One of Donald Trump’s most indisputable accomplishments has been to instill a feeling of defeat and paralysis among his opponents. There’s no contributing anything new to this tired conversation about our imperiled democracy.
In each article written throughout his years in office, there’s been a feeling embedded within the words that they might finally culminate in the column that shifts paradigms. Of course, every writer hopes that their piece might be the one to make a difference.
But part of covering life’s most important topics is doing so with the understanding that our words may fall flat or amount to little more than drops in overflowing buckets. If we write with the hope of saying what’s never been said, we’ll fall short almost every time. In the fight against climate change or a political foe, we can’t expect to craft the call to action that will ultimately change the world, nation, or even our home district.
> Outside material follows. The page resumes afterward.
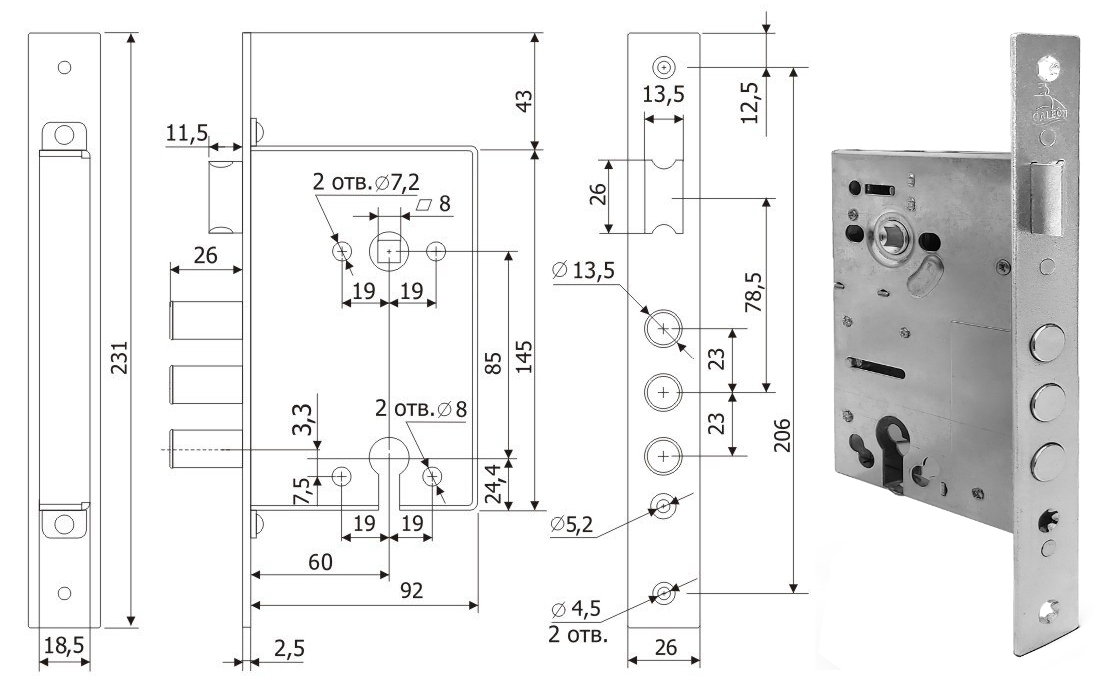 Замок врезной цилиндровый  Galoc  (для Тульских дверей аналог Бордер ЗВ4-31/55)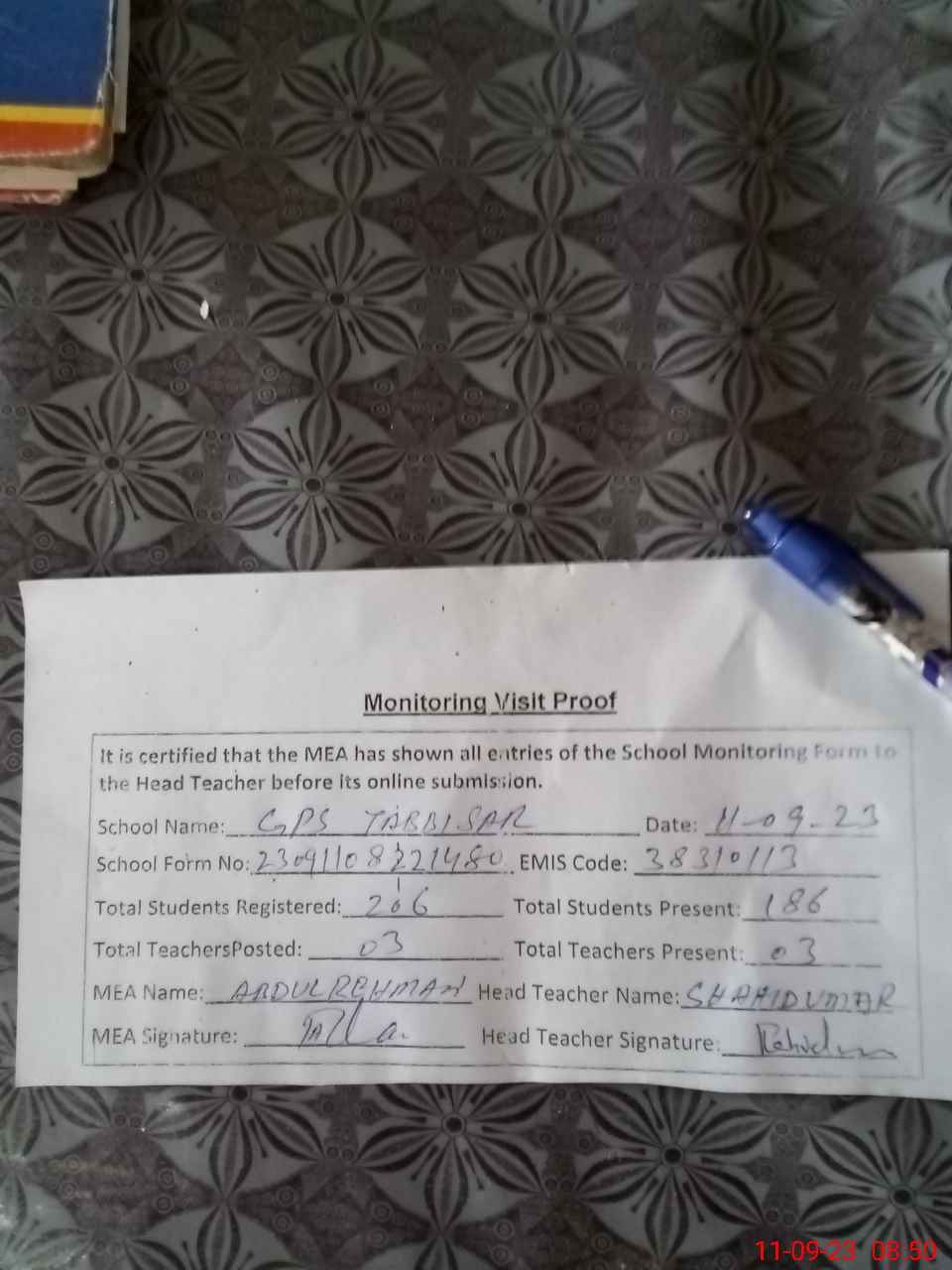 | Attendance Register | Head Teacher | MEA with School | Visit Proof |

More than likely when we cover the 2024 election, we’ll be a voice in the chorus urging people to vote like the future of voting depends on it. We’ll come up with new words to say what’s already been said about how one of the people running in this election doesn’t believe in the very institution he aims to represent. We’ll find new avenues for expressing that same trite and urgent message about how our democracy may not have much longer left.
Our words may not reach the right people. Maybe they’ll only be preached to a converted choir. Maybe the words will be lost in algorithms that deliver messages to only those ready to hear them. But even when words don’t seem to have an immediate impact, they can contribute to subtle shifts in public attitude. And movements can grow from the accumulation of many small contributions. Even if we’re a drop in the bucket, all turning tides have to begin somewhere.
Even if we have no new calls to action and the entirety of our plan can be summed up in the word “vote,” our words are important all the same.
Sometimes, it seems that the best we can do in righteous fights is be reduced to truisms about good and evil and doing what little we can. We recite cliched facts about how “every vote counts!” and “every voice matters” even when we begin losing hope ourselves.
Democracy is real largely because people believe in it. If our trust in it erodes completely, so will the system.
As people, we often have a hard time seeing beyond the day-to-day. It’s no stretch of the imagination to understand the way that attitudes of the past began to shift. We can see the ways that opinions began to change when we compile the periodicals and look for patterns.
But so often, we’re numb to the way the past affects the present and how the current moment fits into the grand fixture of history. We forget that we’re a step along a process rather than a completed picture.
When historians look back at today, they might see a flood of dissent reflected across all media forms. They might see it followed by a stark and totalitarian quiet. Or maybe the story these years will tell is one where dissent mounted to a point where the Trumpian movement was quelled completely. Maybe when we look back at today fifty years from now, we’ll understand the role that each of these articles reciting the same thing played.
But today, it’s hard to continue believing that we’re providing something new with the words we write in this fight for our country. We won’t be the first to remind people that Trump is a felon, nor that he incited an insurrection and tried to stay in office through all means necessary, nor that decent human beings don’t conduct themselves in the way he does. We won’t be the first to point toward his infractions in office or his flagrant abuses of the powers he wielded and aims to wield once more.
But even while much of the news around Trump’s malfeasance may be commonplace — perhaps even inescapable, there remain people within our country so disengaged from the political process they’re unaware who’s even running in this election. Occasionally, there will be readers to whom this recycled information we present will be new. Sometimes, there will be people for whom this old news clicks with a newfound gravity. And other times, there will be people who’ve never felt a need to vote in their entire lives who finally feel called to the polls.
A surprisingly common sentiment among even those planning to vote against Trump and Vance is that it’s an election they’ve already won. Even with 34 felonies stacked against him, their poll numbers remain disconcertingly strong in the face of Harris’.
Part of Trump’s strategy hinges on his opponents’ premature acceptance of defeat. He hopes to discourage faith in the process — to encourage those who doubt him to stay home come election day.
But so much of Trump’s fury and rhetoric is rooted in uncertainty. If his win this November were guaranteed, his speeches wouldn’t appear more erratic by the day. He wouldn’t be fending off “weird” allegations and moving more and more on the defensive.
If Trump’s victory were certain, he could speak with the composure of a tyrant poised to claim power and keep it. But Trump is not Putin, and while he’s remained largely strong in the face of mounting criminal charges, there have been telling signs of weakening support among independents and swing voters.
And even while the polls of the present day show discouraging signs, the Biden victory in 2020 was one of historic proportions, and there are few who voted for him who haven’t found a similar—or heightened—enthusiasm in Kamala Harris.
Trump presents himself as a strongman defender of the nation, but there are no objective measures by which he’s a strong candidate. His candidacy and rule resulted in popular vote losses in four consecutive elections.
And though polls prior to the 2022 midterm elections appeared to show a waning support from the Democrats, when it came time to vote, voters turned out. Come November, I’m confident they will again.